## AIM OF THE EXERCISE:
The output is the lines below from the one with "This year, tree" through the one with "以太坊昨日一路上行最高反弹至", both included, printed exactly and with no other line.

## RECORDS TO USE:
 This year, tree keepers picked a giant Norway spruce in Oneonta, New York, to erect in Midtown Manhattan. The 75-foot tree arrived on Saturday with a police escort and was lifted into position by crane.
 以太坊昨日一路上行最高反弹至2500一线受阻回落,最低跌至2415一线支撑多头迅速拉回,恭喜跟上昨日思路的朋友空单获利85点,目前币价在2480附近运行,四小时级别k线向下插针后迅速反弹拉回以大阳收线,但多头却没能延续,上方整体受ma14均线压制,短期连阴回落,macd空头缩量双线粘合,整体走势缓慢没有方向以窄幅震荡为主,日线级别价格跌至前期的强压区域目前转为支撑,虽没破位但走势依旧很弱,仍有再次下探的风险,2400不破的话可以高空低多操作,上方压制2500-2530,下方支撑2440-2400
* * *
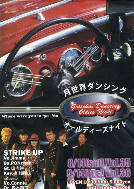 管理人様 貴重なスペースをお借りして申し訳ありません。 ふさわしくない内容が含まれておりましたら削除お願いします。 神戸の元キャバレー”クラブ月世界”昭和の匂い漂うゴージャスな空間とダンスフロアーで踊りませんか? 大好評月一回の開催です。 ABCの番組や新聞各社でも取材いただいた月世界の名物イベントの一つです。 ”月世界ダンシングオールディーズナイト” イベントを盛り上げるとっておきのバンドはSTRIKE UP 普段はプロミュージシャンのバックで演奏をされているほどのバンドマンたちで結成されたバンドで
...
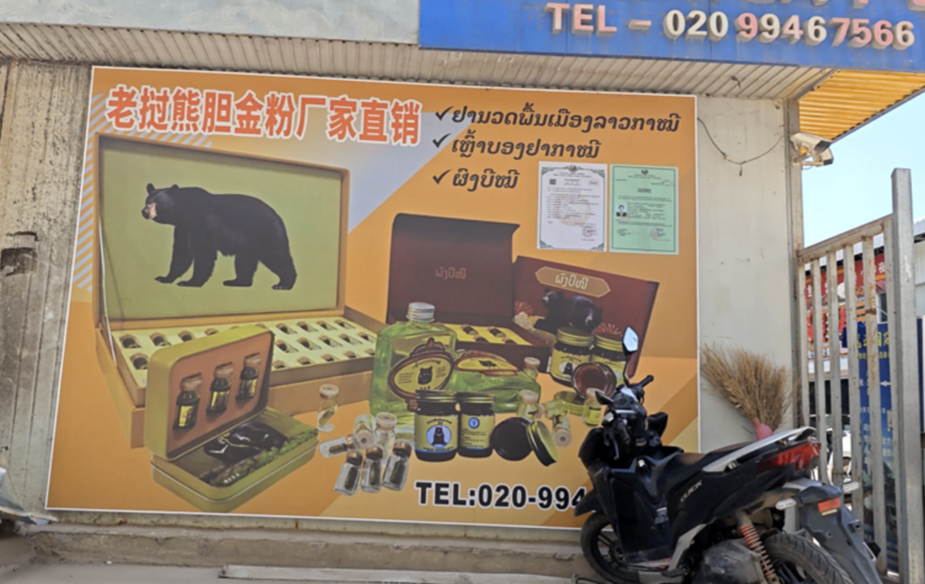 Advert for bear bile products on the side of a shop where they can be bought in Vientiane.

## REPLY:
 This year, tree keepers picked a giant Norway spruce in Oneonta, New York, to erect in Midtown Manhattan. The 75-foot tree arrived on Saturday with a police escort and was lifted into position by crane.
 以太坊昨日一路上行最高反弹至2500一线受阻回落,最低跌至2415一线支撑多头迅速拉回,恭喜跟上昨日思路的朋友空单获利85点,目前币价在2480附近运行,四小时级别k线向下插针后迅速反弹拉回以大阳收线,但多头却没能延续,上方整体受ma14均线压制,短期连阴回落,macd空头缩量双线粘合,整体走势缓慢没有方向以窄幅震荡为主,日线级别价格跌至前期的强压区域目前转为支撑,虽没破位但走势依旧很弱,仍有再次下探的风险,2400不破的话可以高空低多操作,上方压制2500-2530,下方支撑2440-2400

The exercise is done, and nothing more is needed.